Valentino and Sagittarius by Natalia Ginzburg – Two novellas about Ms. Ginzburg's shitty, selfish, stupid family. Actually these were lovely, she's a great talent.
The Girl with All the Gifts by M.R. Carey – A young girl breaks out of the world's shittiest elementary school. I’ll avoid writing anything else for fear of spoiling a fun reveal, but this is creepy and emotional, a weird and original take on an overworked genre, strong stuff.
There Once Lived a Girl Who Seduced Her Sister's Husband, and He Hanged Himself: Love Stories by Ludmilla Petrushevskaya – A series of short about untrue men, heartbroken women, Russia, and the occasional murder. Petrushevskaya's stories all waver on a knife's edge between romance and outright horror, and often its unclear until the last sentence which direction they'll tip in. I very much enjoyed reading this on a bench in Brighton Beach while watching elderly Slavs sun themselves like beached albino seals.
I Await the Devil's Coming by Mary Maclane – The journalings of a precocious proto-feminist in Montana in the early 20th century. Interesting as a found document but basically this read like having to listen to that chick in your Freshman seminar who just won't shut the fuck up about Ayn Rand rant for 200 pages. People without a sense of humor should not be allowed to read Nietzsche.
The Wisdom Books by Robert Alter – For my birthday a dear friend (and the only person – Goy or Gentile -- I ever met who taught himself Yiddish) bought me this translation of my two favorite books of the Old Testament (plus Proverbs which is kind of crap). As always, reading Job and Ecclesiastes I am struck by the willingness of the Jews to incorporate into their tradition texts which run essentially counter to the main elements of the rest of the religion. This translation was beautiful, and the footnotes offered new insights into works I have read quite literally dozens of times—even if he uses 'vigor' in place of 'black hair', which is one of my favorite biblical allusions.
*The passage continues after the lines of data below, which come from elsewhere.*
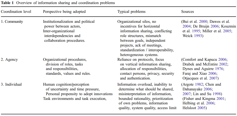Bharosa and Janssen (2010) provide a great overview of information sharing issues based on different levels of the problem. At the community level, they show that organizational silos are present and there is a lack of incentive for inter-organizational information sharing. At the agency or organization level, there is a reliance on protocols and information sharing up and down the operational hierarchy. At the individual level, there are problems with information overload, not knowing what to share, ability to process information and overall information quality.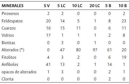 Las arenas de estos suelos muestran abundancia de cuarzo, con excepción de los suelos de 20 años LC y los suelos de 5 años de B (Tabla 2); los feldespatos predominan en SV, suelos de 5 años de LC y suelos de 10 años B; los anfíboles son más abundantes en SV, en suelos de 5 años LC y suelos de B durante 5 años, también se encuentran piroxenos y vidrios, minerales típicos de suelos derivados de cenizas volcánicas (IGAC, 2007).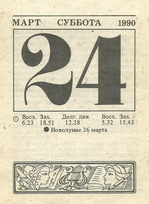 Отрывной календарь для женщн за 1990-й год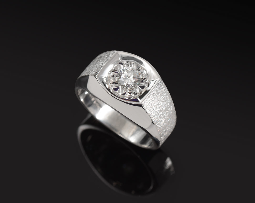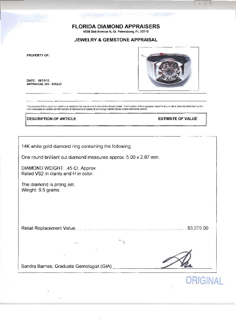 14K GOLD GENT'S DIAMOND SOLITAIRE RING: Centering a round brilliant, approx. .45 Ct diamond of VS2 clarity and H color. Size 9.5, Weight 9.5 grams. Sold with current Florida Diamond Appraisers GIA graduates appraisal for $3275.

'Light is sweet, and it is good for eyes to see the sun!' I do try and remember, I swear.
Your House is on Fire, Your Children Are All Gone by Stefan Kiesbye – The horrifying recollections of a group of youth growing up in a small town in Northern Germany (which, if you haven't been north of Bremen, is a stark and nightmarish landscape). Something like if Patrick Modiano met Stephen King, although honestly I kinda think that undersells it. Understated and horrifying, with a hell of a last sting.
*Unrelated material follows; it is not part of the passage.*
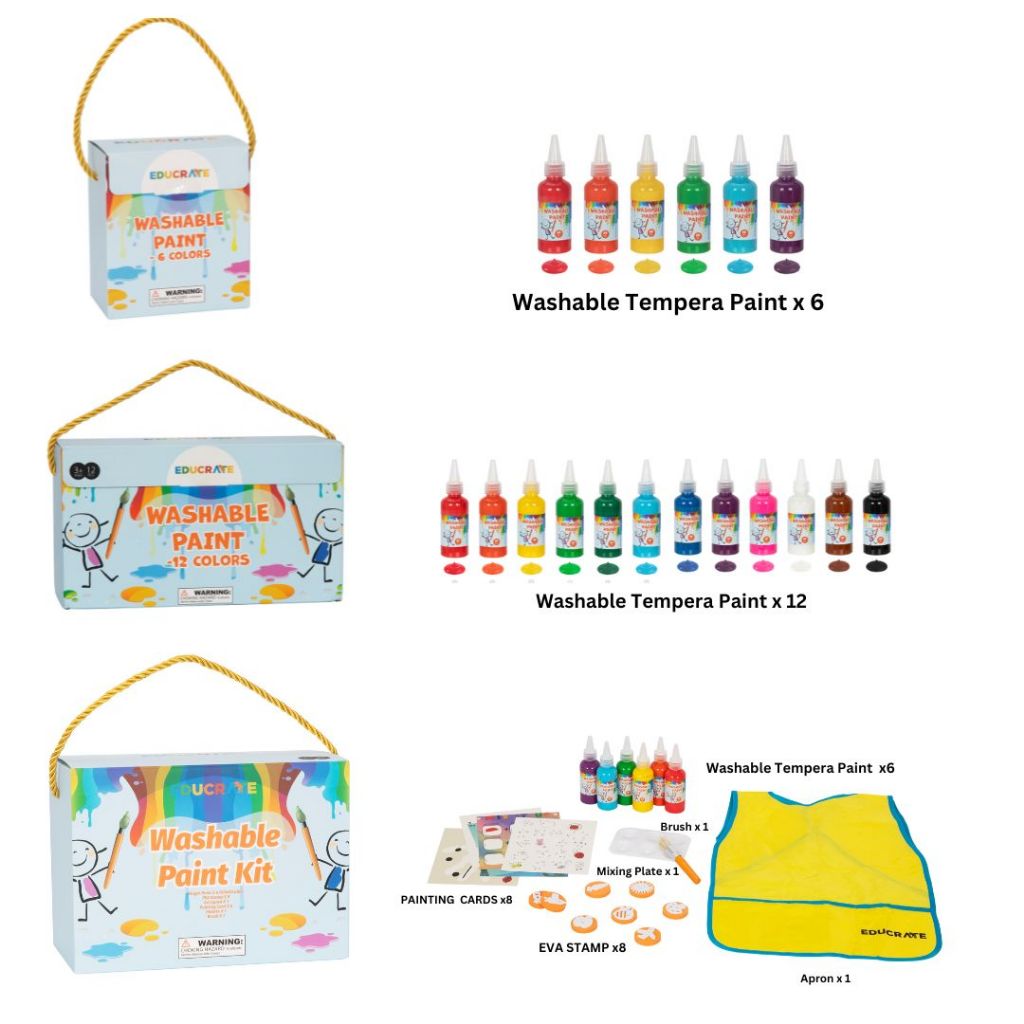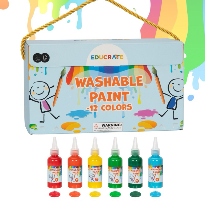 EducratePH 12 btls Non toxic washable paint for kids toddler finger paint acrylic tempera

Poems of the Late T'Ang translated by A.C. Graham –
'The danger of the road is not in the distance
Ten yards is enough to break a wheel.
The peril of love is not in loving too often,
A single evening can leave its wound in the soul.'
Day of the Oprichnik by Vladamir Sorokin – In a future Russia which resembles a past Russia, government sponsored hoodlums commit a series of bleakly comic horrors in their efforts to defend the motherland. Sorokin's sci-fi satire is as sly and original as ever. Funny and extremely mean.